▶ _YOUR INSTRUCTIONS_
Your output should be the lines below from the one holding "جنس پیراهن کرپ" through the one holding "Cuma 80ribuan aja", transcribed exactly, with no pictures.

▶ _DATASET RECORDS_
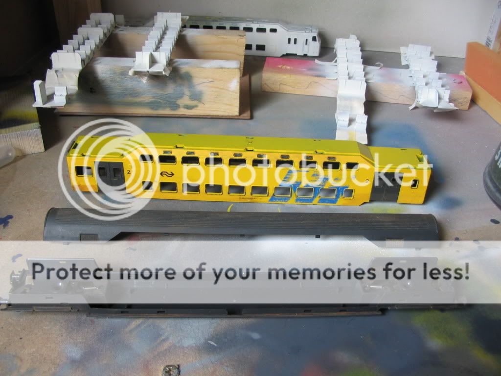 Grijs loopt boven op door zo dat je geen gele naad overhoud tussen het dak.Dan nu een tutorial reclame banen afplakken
...
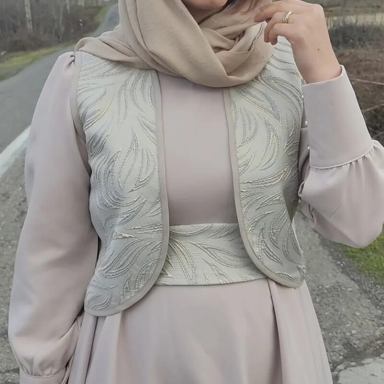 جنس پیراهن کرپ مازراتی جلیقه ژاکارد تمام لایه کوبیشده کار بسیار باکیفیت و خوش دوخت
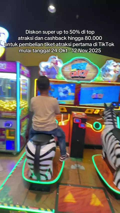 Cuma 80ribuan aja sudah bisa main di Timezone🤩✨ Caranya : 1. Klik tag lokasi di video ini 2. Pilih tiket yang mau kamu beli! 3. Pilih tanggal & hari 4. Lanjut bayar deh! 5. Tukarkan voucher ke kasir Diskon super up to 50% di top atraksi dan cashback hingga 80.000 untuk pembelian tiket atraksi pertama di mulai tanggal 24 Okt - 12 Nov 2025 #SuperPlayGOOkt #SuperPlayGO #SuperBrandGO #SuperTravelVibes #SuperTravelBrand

▶ _RESPONSE_
 جنس پیراهن کرپ مازراتی جلیقه ژاکارد تمام لایه کوبیشده کار بسیار باکیفیت و خوش دوخت
 Cuma 80ribuan aja sudah bisa main di Timezone🤩✨ Caranya : 1. Klik tag lokasi di video ini 2. Pilih tiket yang mau kamu beli! 3. Pilih tanggal & hari 4. Lanjut bayar deh! 5. Tukarkan voucher ke kasir Diskon super up to 50% di top atraksi dan cashback hingga 80.000 untuk pembelian tiket atraksi pertama di mulai tanggal 24 Okt - 12 Nov 2025 #SuperPlayGOOkt #SuperPlayGO #SuperBrandGO #SuperTravelVibes #SuperTravelBrand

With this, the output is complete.